__Exercise__
Only one stretch of the material below is wanted: everything from the line containing "Pour sa quatrième" down to the line containing "Москва. 29 апреля.", both ends included. Repeat it exactly and skip the pictures.

__Provided entries__
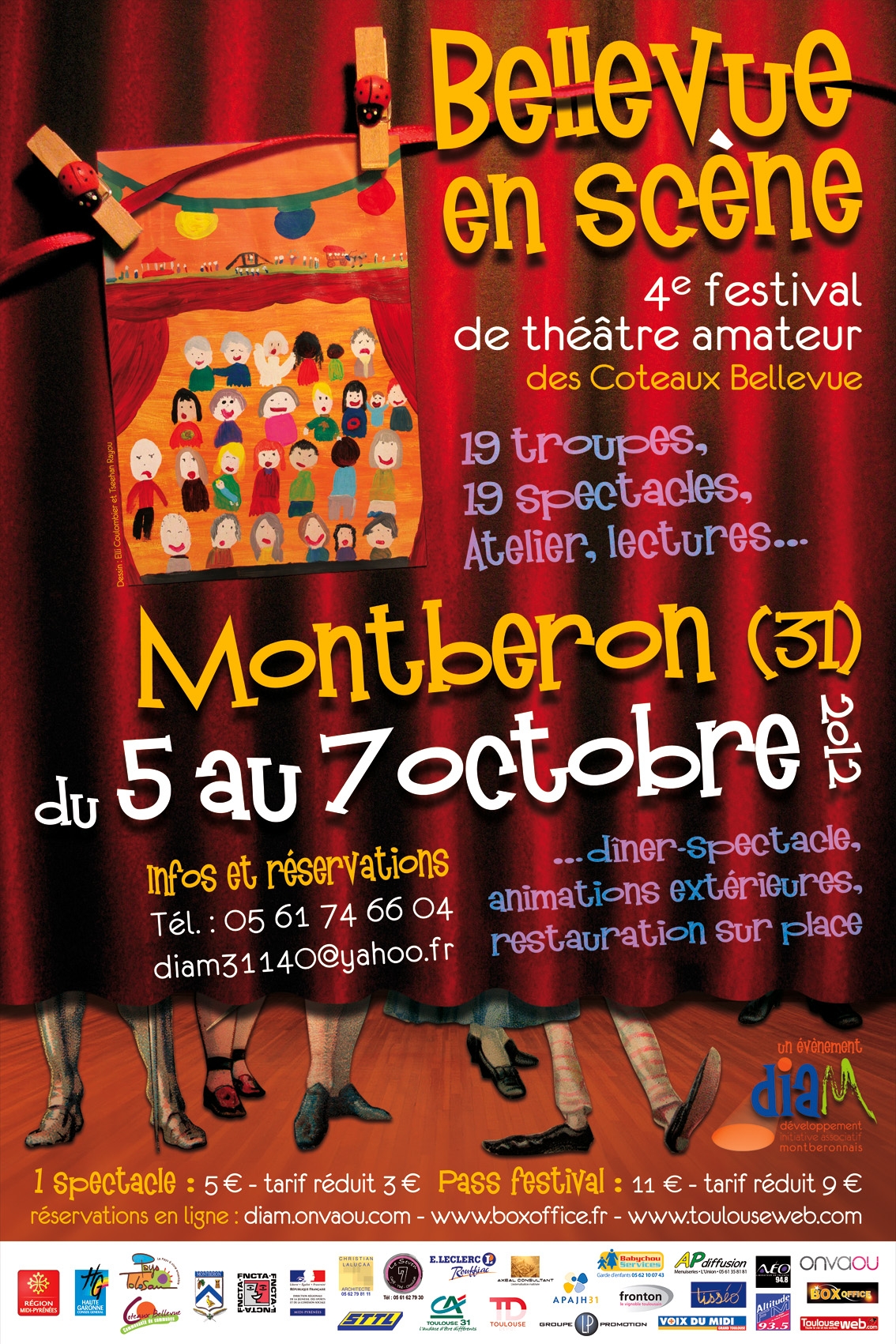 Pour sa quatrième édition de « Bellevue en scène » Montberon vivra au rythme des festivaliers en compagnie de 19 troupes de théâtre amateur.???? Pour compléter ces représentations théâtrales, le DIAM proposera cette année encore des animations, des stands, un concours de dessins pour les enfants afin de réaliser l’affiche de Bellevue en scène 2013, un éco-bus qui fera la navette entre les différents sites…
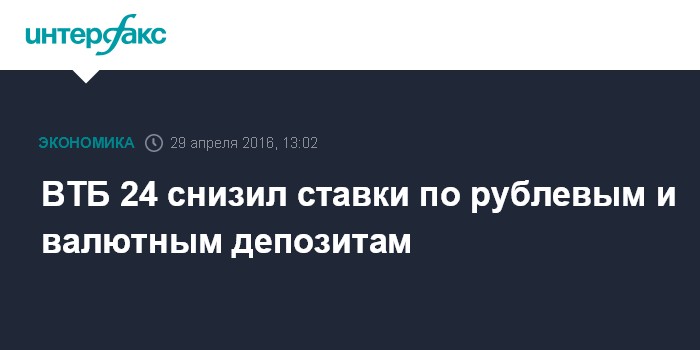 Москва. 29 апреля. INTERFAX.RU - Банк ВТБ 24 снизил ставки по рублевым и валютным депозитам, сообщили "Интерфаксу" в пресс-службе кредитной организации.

--

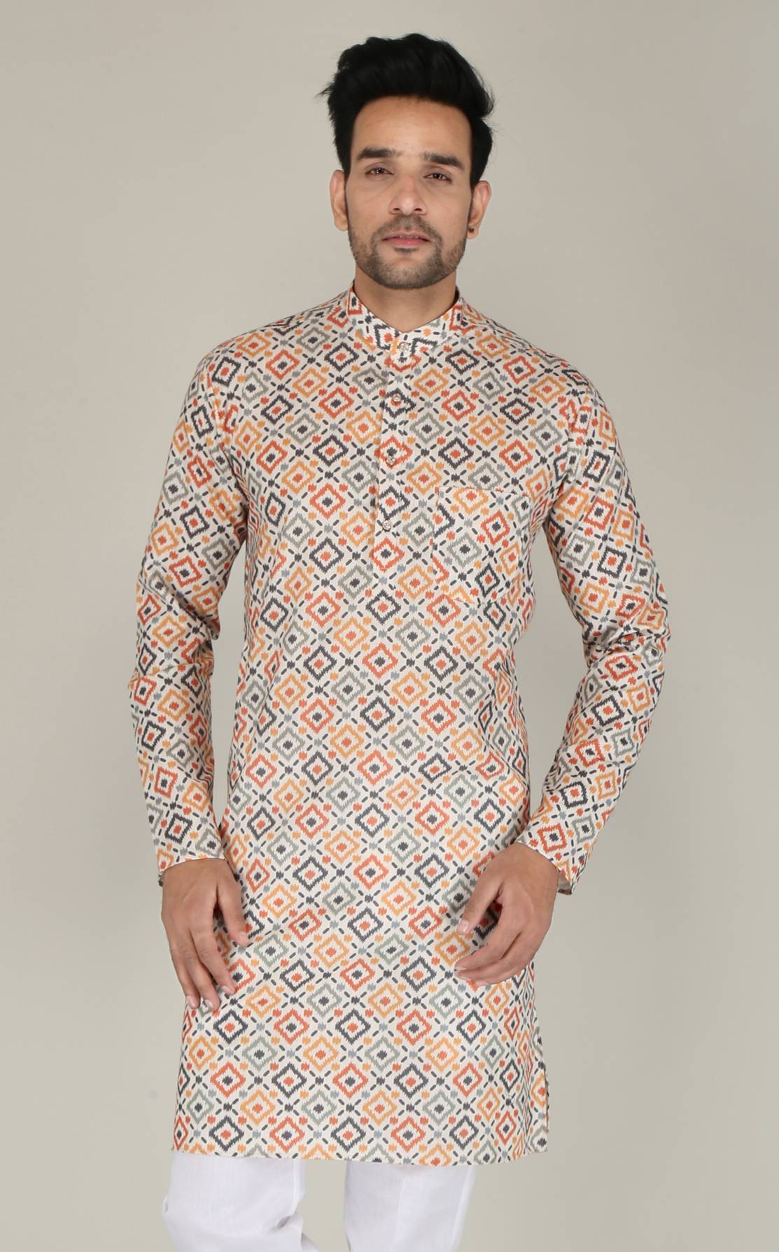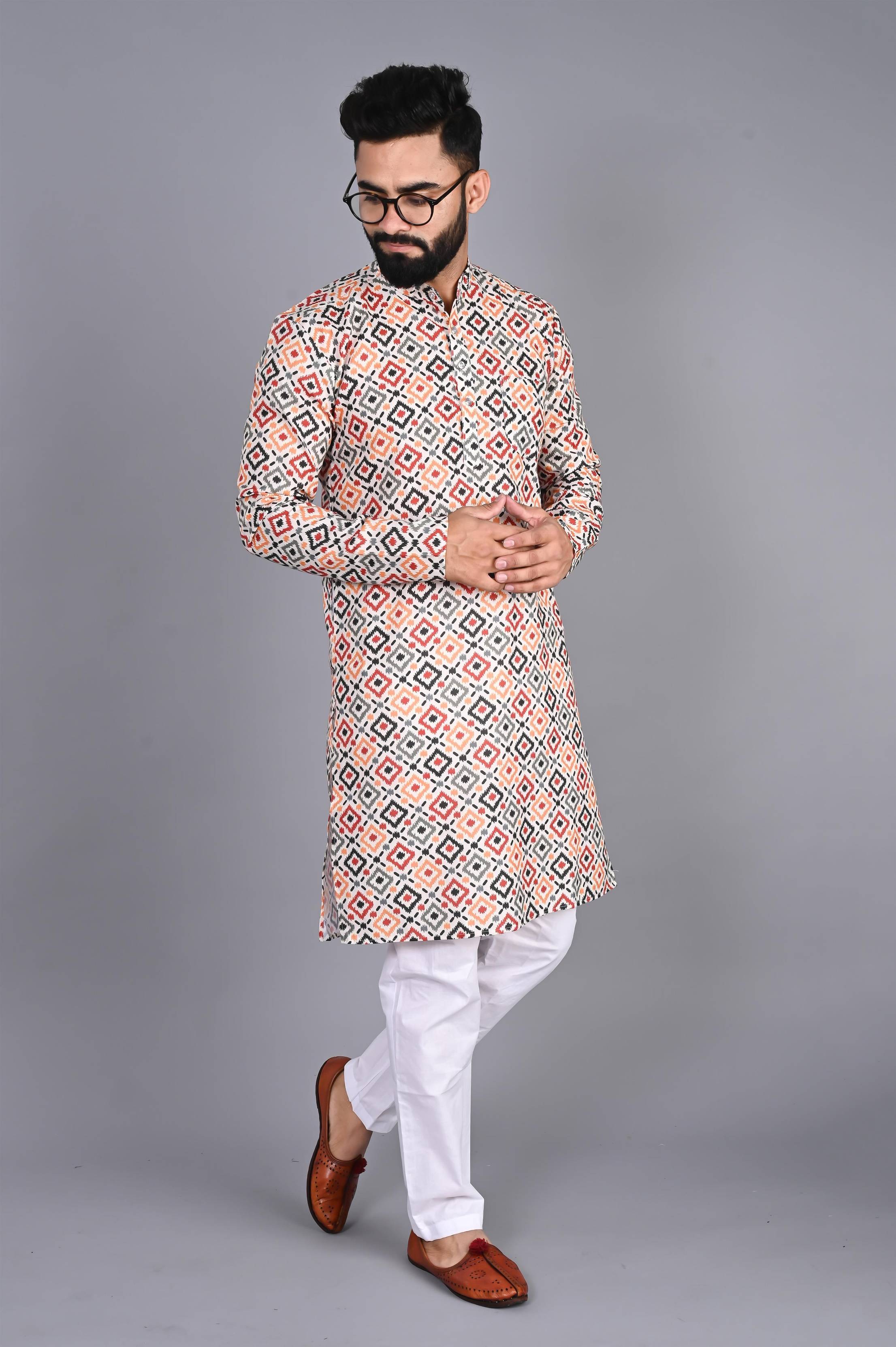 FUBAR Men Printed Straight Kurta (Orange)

...

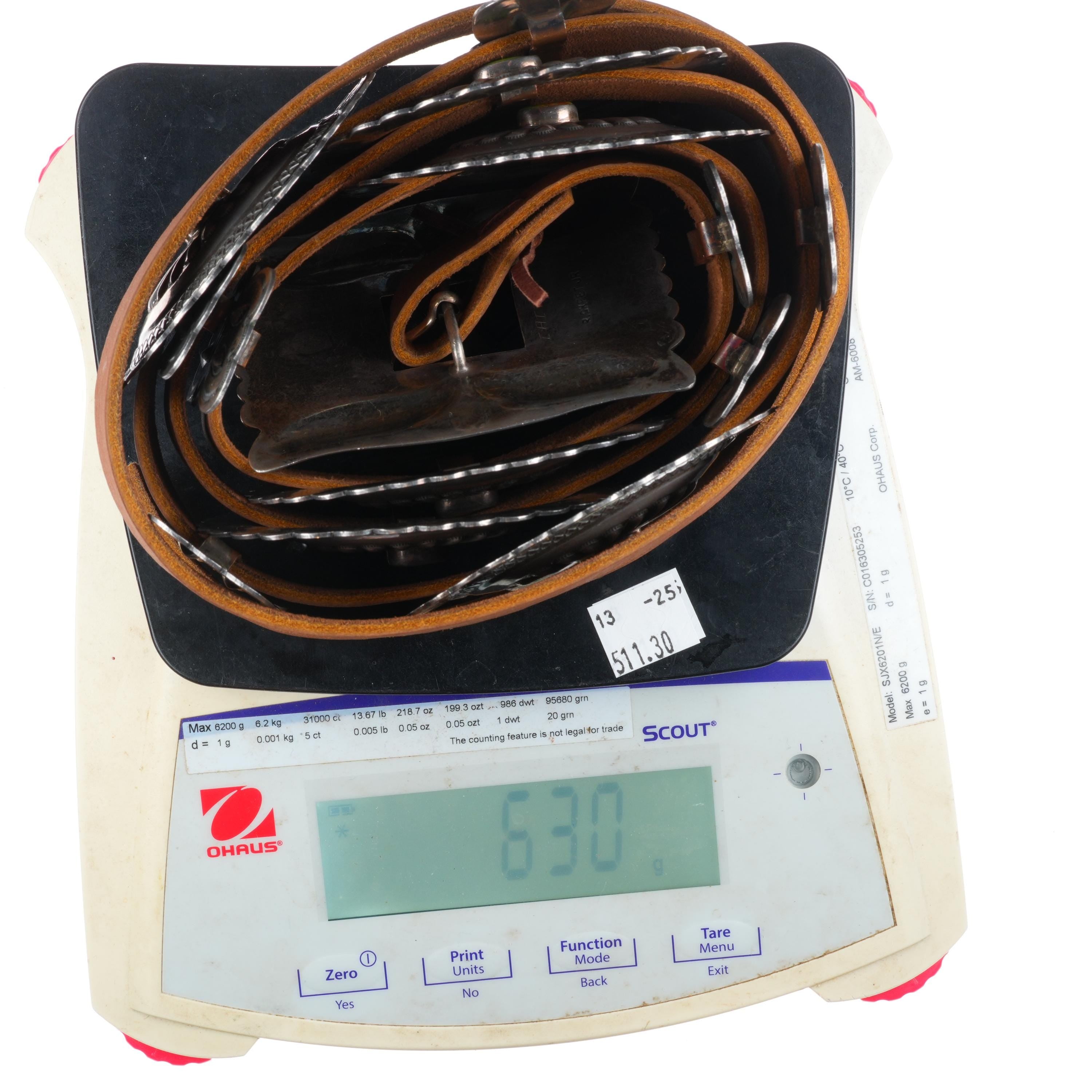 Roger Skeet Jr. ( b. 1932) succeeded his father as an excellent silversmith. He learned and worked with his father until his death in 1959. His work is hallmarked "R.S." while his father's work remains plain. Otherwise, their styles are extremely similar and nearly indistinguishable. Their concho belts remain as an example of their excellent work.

__Response to the task__
 Pour sa quatrième édition de « Bellevue en scène » Montberon vivra au rythme des festivaliers en compagnie de 19 troupes de théâtre amateur.???? Pour compléter ces représentations théâtrales, le DIAM proposera cette année encore des animations, des stands, un concours de dessins pour les enfants afin de réaliser l’affiche de Bellevue en scène 2013, un éco-bus qui fera la navette entre les différents sites…
 Москва. 29 апреля. INTERFAX.RU - Банк ВТБ 24 снизил ставки по рублевым и валютным депозитам, сообщили "Интерфаксу" в пресс-службе кредитной организации.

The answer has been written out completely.